Ukrainian economist and politician (born 1965)

Oleksiy Vitaliyovych Plotnikov (Олексій Віталійович Плотніков /uk/; born 10 June 1965) is a Ukrainian economist and politician. He obtained his doctorate in economics in 1994, and became a professor in 1998. He subsequently became a People's Deputy of Ukraine (Member of the Parliament of Ukraine) of the 5th and 6th convocations (2006-2012), and participated in the Parliamentary Assembly of the Council of Europe (PACE) Committee on Equality and Non-Discrimination from 2010 to 2013.
== Education ==
In 1986, he graduated from the Faculty of Finance and Economics of the Kyiv Institute of National Economy (now the Kyiv National Economic University) with a degree in finance and credit.

In 1991, at the Kyiv Institute of National Economy, he completed his PhD thesis on "Financial and Economic Relations in the Process of Property Sales" in the specialty "Political Economy".

In 1994, at the Kyiv Taras Shevchenko National University, he completed his doctoral dissertation (DSc) on "Financial Management in Transnational Corporations" in the specialty "International Economic Relations".

In 1998, the Institute of World Economy and International Relations of the National Academy of Sciences of Ukraine awarded him the academic title of Professor in the specialty "World Economy and International Economic Relations".

== Career ==

1992-1994: Senior Researcher at the Department of World Market Models and Privatization Problems, Institute of World Economy and International Relations of the National Academy of Sciences of Ukraine.

1994-2012: Head of the Department of International Monetary and Financial Relations, Institute of World Economy and International Relations of the National Academy of Sciences of Ukraine.

2006-2007: People's Deputy of Ukraine of the 5th convocation.

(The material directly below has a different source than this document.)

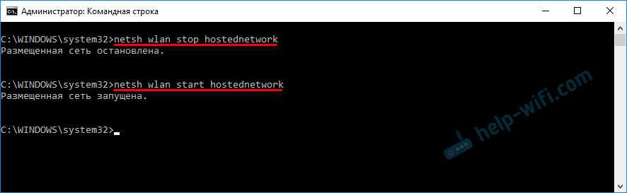 - netsh wlan start hostednetwork — запускается Вай-Фай (при открытом доступе к интернет-соединению он становится доступным для остальных девайсов);
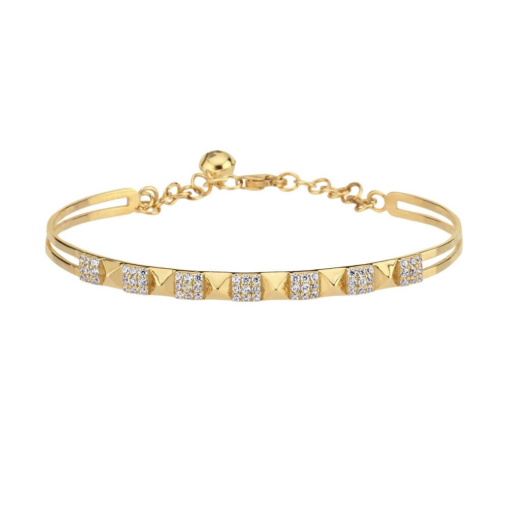 Minimal formuna rağmen dikkat çeken üçgen yüzey ve taş geçişleriyle dinamik bir görünüm sunar. 14 ayar sarı altından üretilen model, 7.40 gram ağırlığındadır. Günlük şıklığa zarif bir hareket katmak isteyenler için ideal.

Deputy Chairman of the Committee on Economic Policy (since 07.2006); Chairman of the Investigative Commission of the Verkhovna Rada (Parliament) of Ukraine on checking the effectiveness of the functioning of Special Economic Zones and Priority Development Territories in Ukraine (since 21.12.2006); Member of the Ukrainian part of the Committee on Parliamentary Cooperation Between Ukraine and the European Union; Head of the group on inter-parliamentary relations with the Republic of Bulgaria; Head of the group on inter-parliamentary relations with the Republic of Macedonia; Member of the Party of Regions faction (since 05.2006).

2007-2012: People's Deputy of Ukraine of the 6th convocation. Member of the Committee on Economic Policy (since 12.2007), Chairman of the Subcommittee on International Economic Policy; Member of the investigative commission of the Verkhovna Rada (Parliament) of Ukraine on the investigation of the circumstances of violation of the Constitution of Ukraine, the Land Code of Ukraine, other laws of Ukraine and the adoption of illegal decisions by the Kyiv City Council in the period from 2007 to 2010; Head of the group on inter-parliamentary relations with the Republic of Bulgaria; Member of the Party of Regions faction (since 11.2007). Full Member of the Parliamentary Assembly of the Council of Europe (PACE) Committee on Equality and Non-Discrimination (since 04.2010).

2012-2013: Adviser to the Prime Minister of Ukraine.

2012-2014: Chief Researcher, Institute of World Economy and International Relations of the National Academy of Sciences of Ukraine.

Since 03.2018: Leading Researcher, Institute of Economics and Forecasting of the National Academy of Sciences of Ukraine.

He was recognised as a Civil Servant of the 1st Rank in October 2007.

In August 2010, the President of Ukraine awarded him the honorary title of Honored Economist of Ukraine.

== Books ==
Author of more than 200 academic works ; in particular:

•	Financial and Economic Relations in the Market Economy, 1992: ISBN 5-7707-1278-3.

•	Dynamics of External Debts of Ukraine (co-author), 2000: ISBN 966-7761-00-2.

•	Ultima Ratio of Economic Reforms, 2003: ISBN 966-8251-18-0.

•	Financial Management in Transnational Corporations: Textbook, 2004: ISBN 966-7982-18-1; 2011: ISBN 978-966-2588-00-2.

•	International Economic Relations: Textbook (co-author), 2005: ISBN 9668251-72-5.

•	Global Financial Crisis: Lessons for the World and Ukraine (co-author), 2009: ISBN 978-966-03-4825-7.

•	World Economy: Global Financial Crisis (co-author), 2010: ISBN 978-966-03-5210-0.

•	International Economic Relations: Textbook (co-author), 2017: ISBN 978-617-7582-09-9.

•	International Finance: Textbook (co-author), 2019: ISBN 978-617-7841-03-5.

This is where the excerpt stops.